[INPUT DATA Boundary: Start]

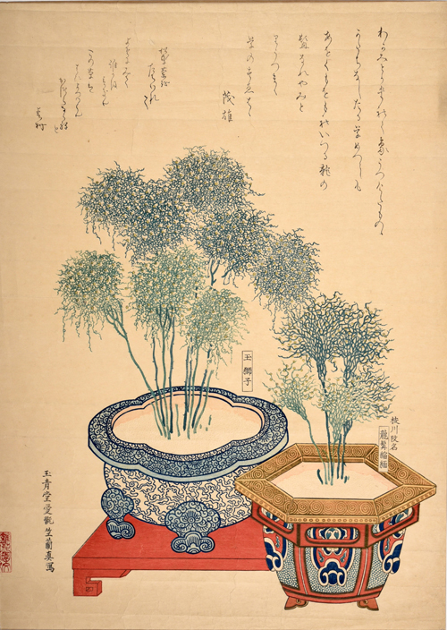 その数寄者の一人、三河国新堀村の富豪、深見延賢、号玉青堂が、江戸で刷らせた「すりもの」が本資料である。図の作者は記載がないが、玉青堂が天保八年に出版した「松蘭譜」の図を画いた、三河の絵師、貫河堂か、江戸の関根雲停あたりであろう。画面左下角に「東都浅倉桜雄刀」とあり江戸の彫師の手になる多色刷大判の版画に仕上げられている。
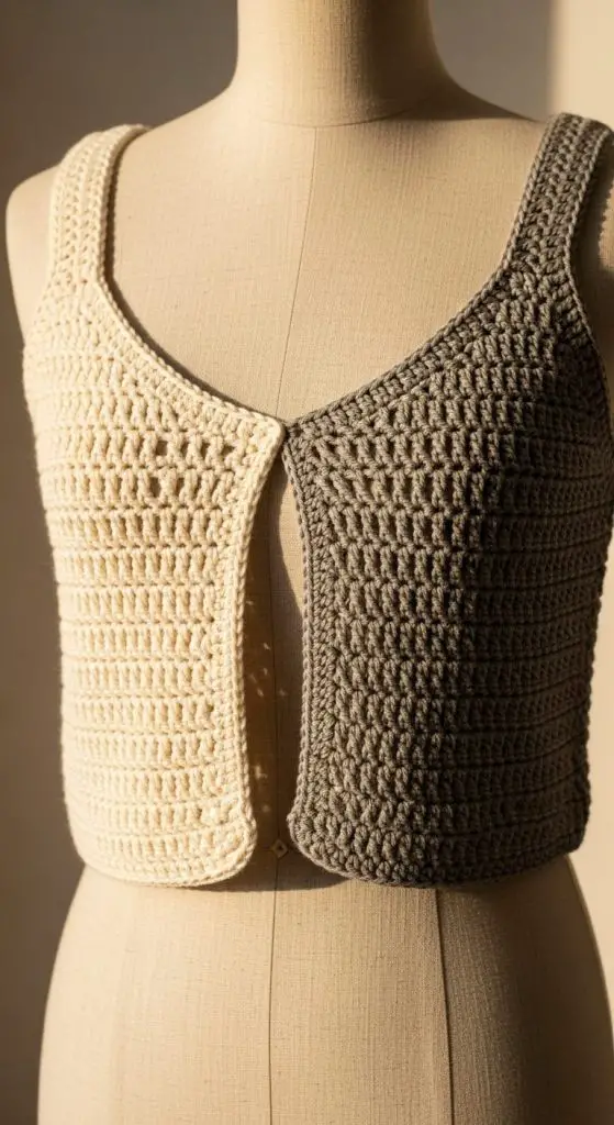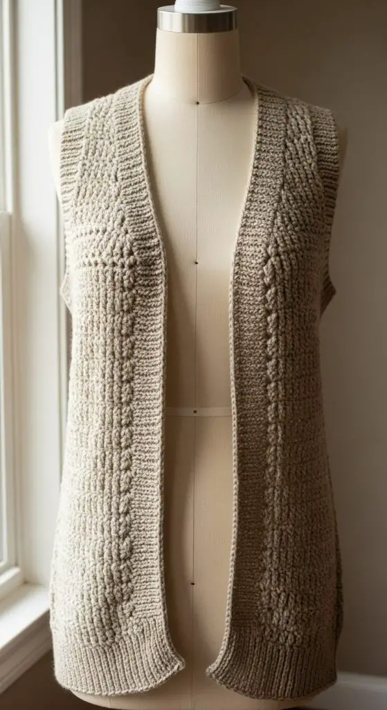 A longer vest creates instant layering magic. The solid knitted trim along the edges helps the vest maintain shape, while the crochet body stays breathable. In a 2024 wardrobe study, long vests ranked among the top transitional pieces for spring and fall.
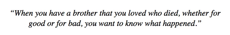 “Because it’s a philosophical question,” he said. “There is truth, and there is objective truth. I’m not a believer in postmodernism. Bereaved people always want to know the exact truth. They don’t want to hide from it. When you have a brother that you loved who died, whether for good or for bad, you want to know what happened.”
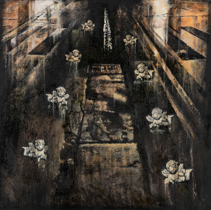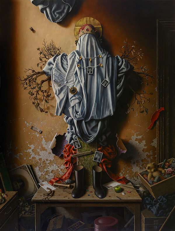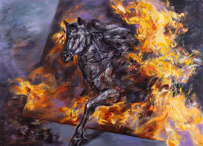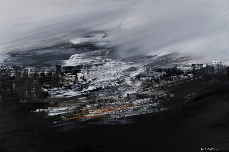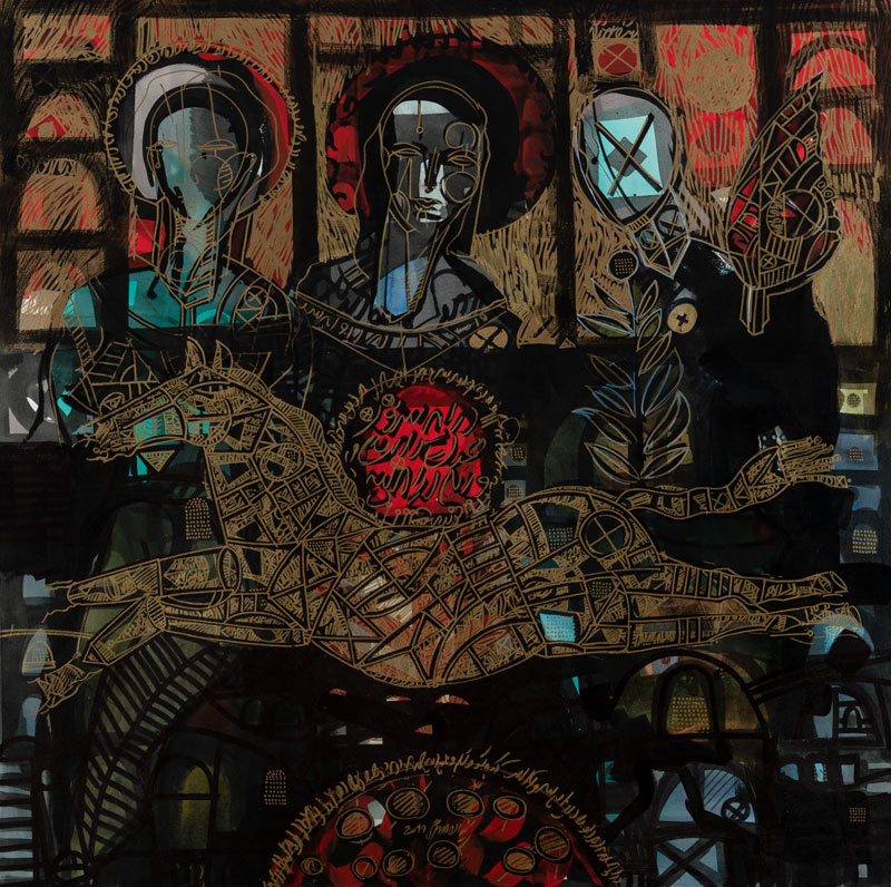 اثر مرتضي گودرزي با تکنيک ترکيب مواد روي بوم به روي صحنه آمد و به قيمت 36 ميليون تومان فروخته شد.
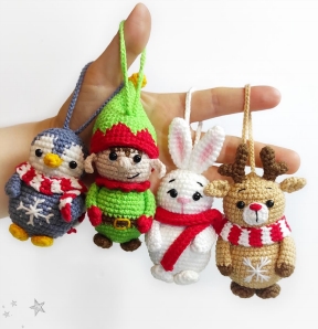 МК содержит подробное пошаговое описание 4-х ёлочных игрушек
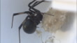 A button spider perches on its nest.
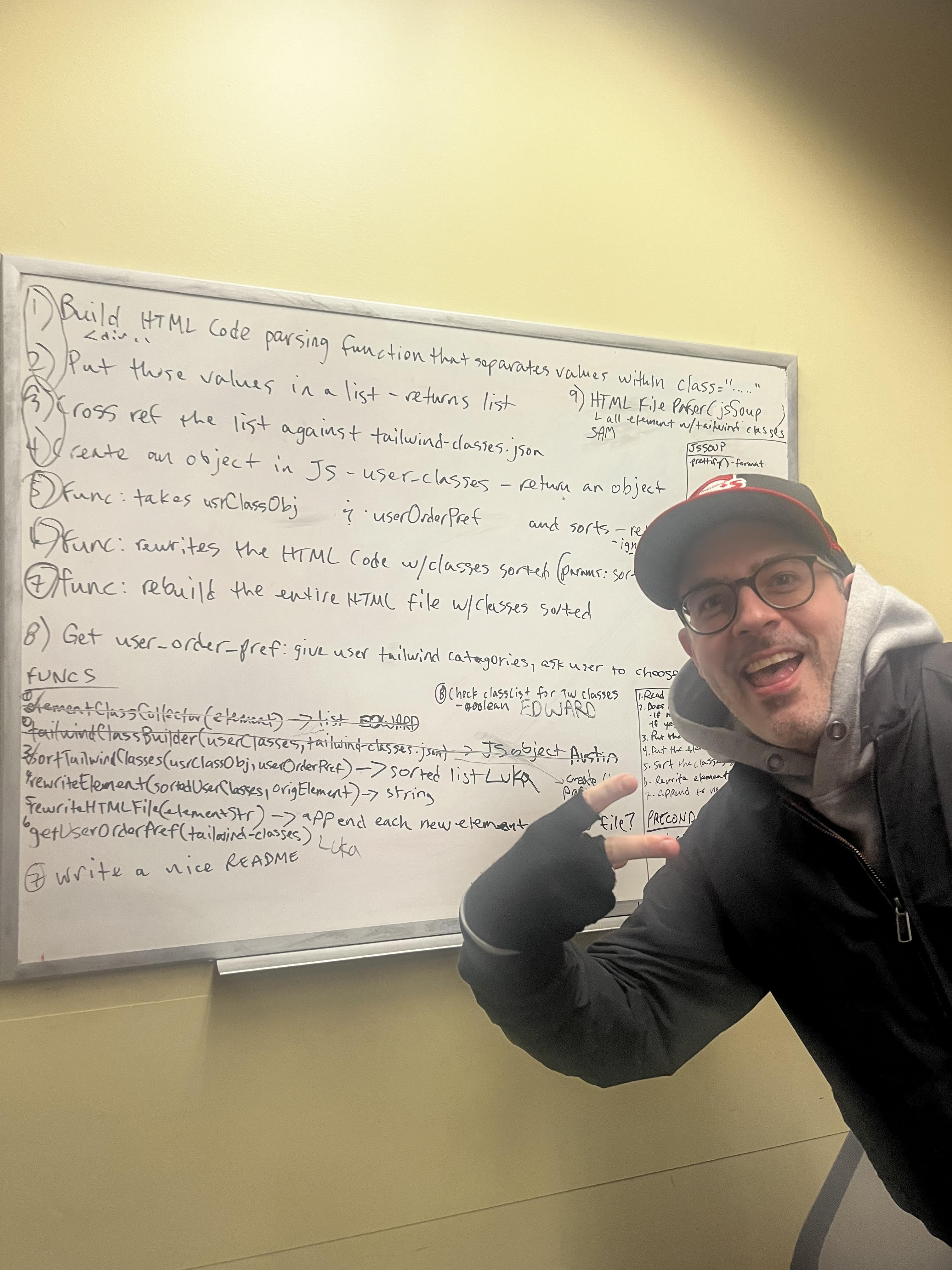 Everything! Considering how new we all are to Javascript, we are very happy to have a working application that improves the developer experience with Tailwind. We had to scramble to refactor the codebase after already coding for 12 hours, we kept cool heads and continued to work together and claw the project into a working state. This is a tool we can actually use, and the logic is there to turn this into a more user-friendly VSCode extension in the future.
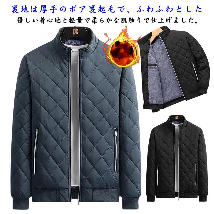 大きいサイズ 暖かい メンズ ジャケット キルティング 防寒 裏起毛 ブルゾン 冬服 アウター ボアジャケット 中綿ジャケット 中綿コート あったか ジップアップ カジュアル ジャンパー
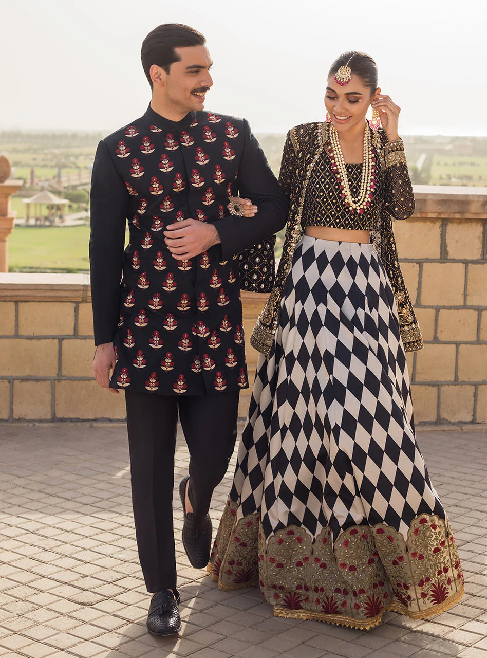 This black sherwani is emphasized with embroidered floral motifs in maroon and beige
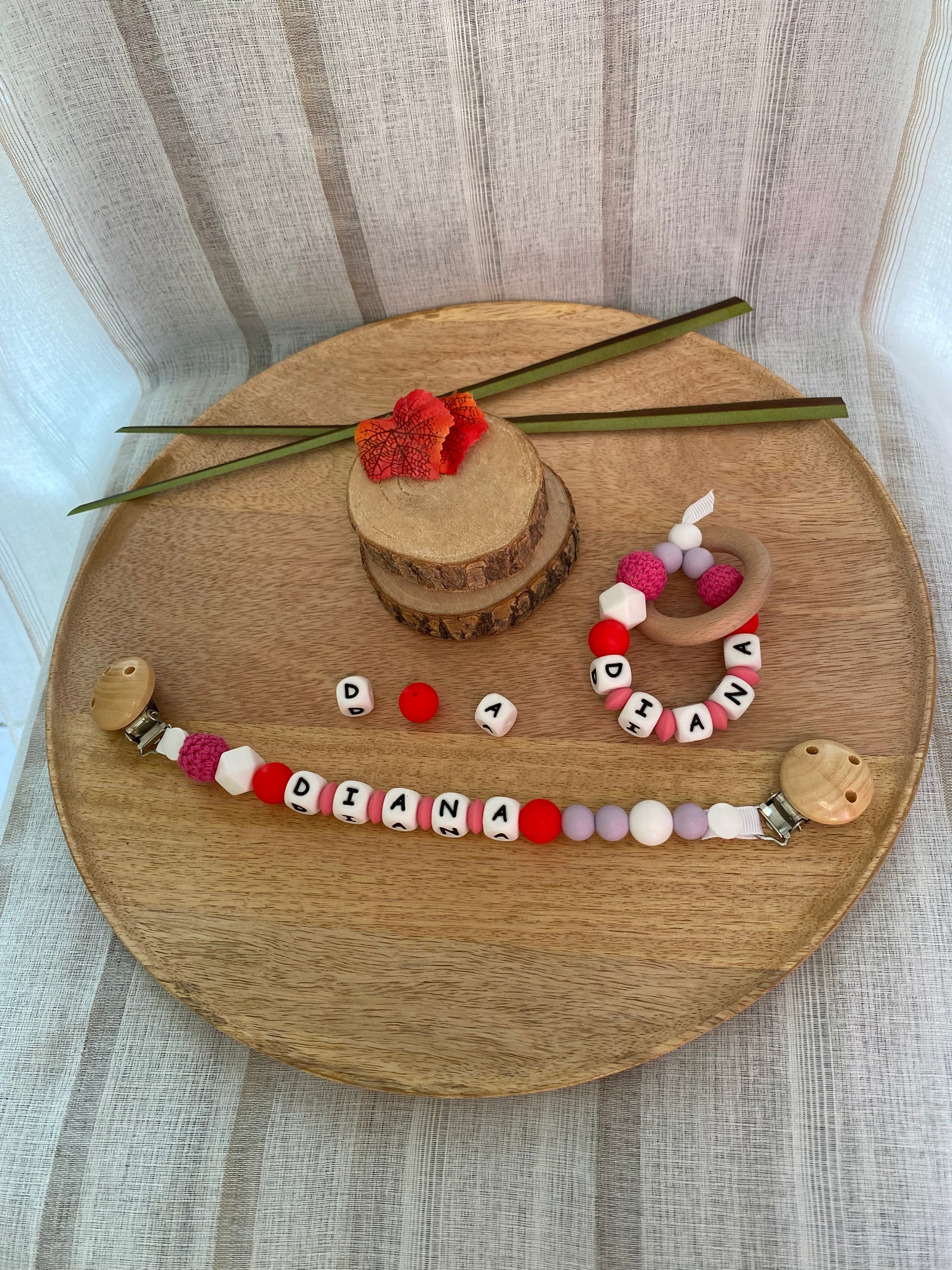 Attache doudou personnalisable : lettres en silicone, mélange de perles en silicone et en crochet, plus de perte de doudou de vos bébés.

[INPUT DATA Boundary: End]

Write out a verbatim copy of the lines from the line that contains "This black sherwani" through the end of the entries above; pictures are not copied.

## EXPECTED ANSWER
 This black sherwani is emphasized with embroidered floral motifs in maroon and beige
 Attache doudou personnalisable : lettres en silicone, mélange de perles en silicone et en crochet, plus de perte de doudou de vos bébés.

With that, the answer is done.